• Action item
Return the data below in full and exactly, except that the pictures are dropped.

• Collected material
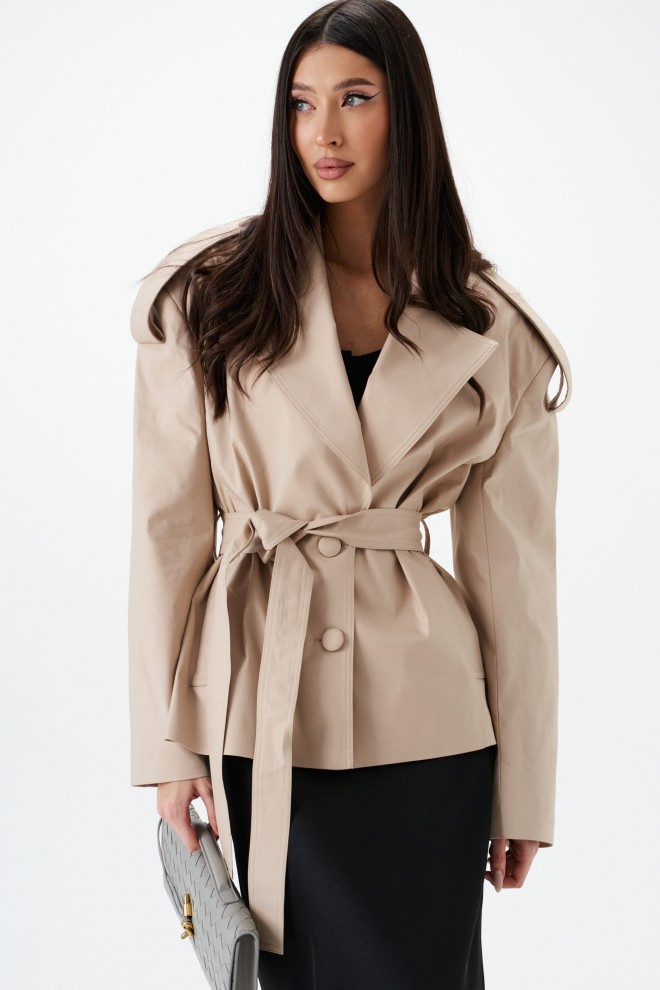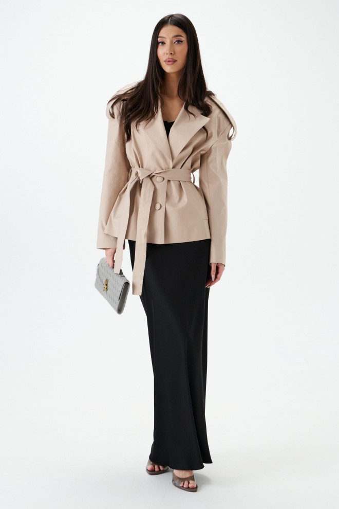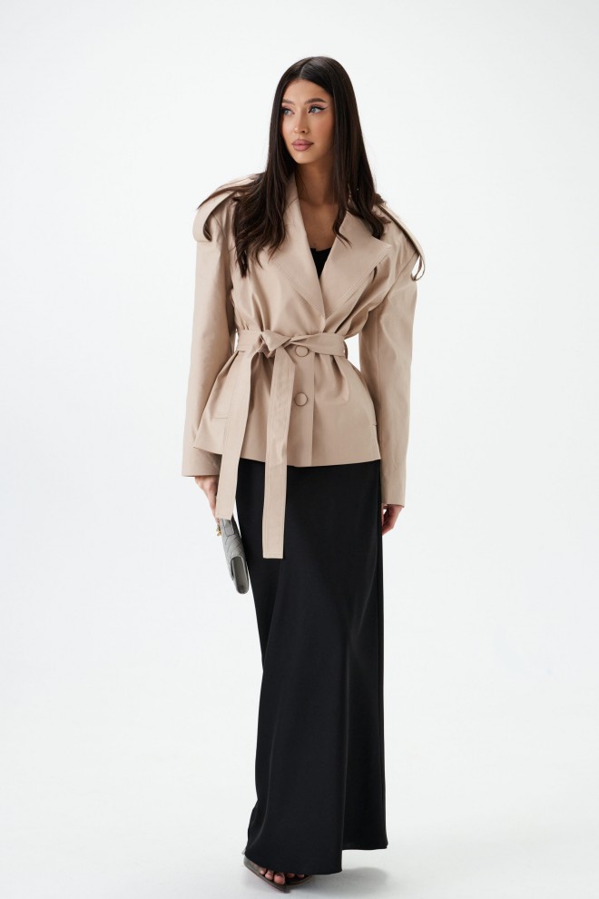 Жакет прямого кроя выполнен из полотна бежевого цвета. Характеристики: прямой крой, покладка, подплечники, отложной воротник с остроугольным лацканом, застежка центральная на петли пуговицы, по линии талии шлевки, в комплекте пояс из ткани основного изделия, рукав втачной. По линии плеча погон с пуговицей, в среднем шве заднего полотна изделия шлица 17 см. В боковых швах изделия карманы. Длина по спинке 65 см, длина рукава 58 см.
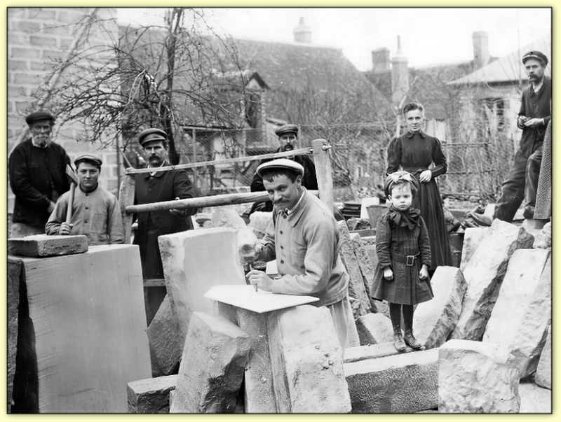 Tailleur de pierre au travail assis sur sa sielle Carrière d'Antoing (Belgique) |  |
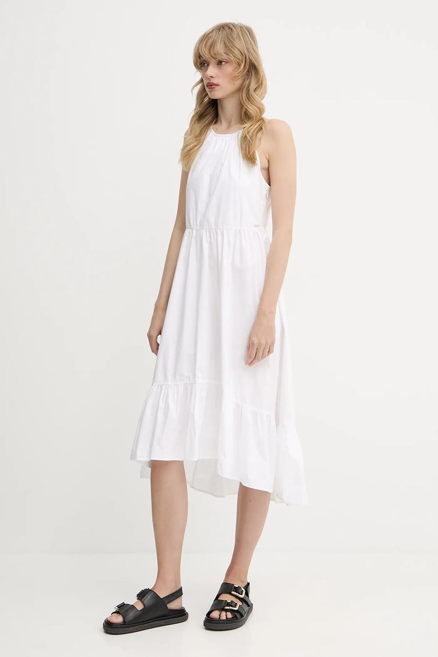 Хлопковое платье Armani Exchange цвет белый midi расклешенное XW000477 AF12812 5173815

• Answer section
 Жакет прямого кроя выполнен из полотна бежевого цвета. Характеристики: прямой крой, покладка, подплечники, отложной воротник с остроугольным лацканом, застежка центральная на петли пуговицы, по линии талии шлевки, в комплекте пояс из ткани основного изделия, рукав втачной. По линии плеча погон с пуговицей, в среднем шве заднего полотна изделия шлица 17 см. В боковых швах изделия карманы. Длина по спинке 65 см, длина рукава 58 см.
 Tailleur de pierre au travail assis sur sa sielle Carrière d'Antoing (Belgique) |  |
 Хлопковое платье Armani Exchange цвет белый midi расклешенное XW000477 AF12812 5173815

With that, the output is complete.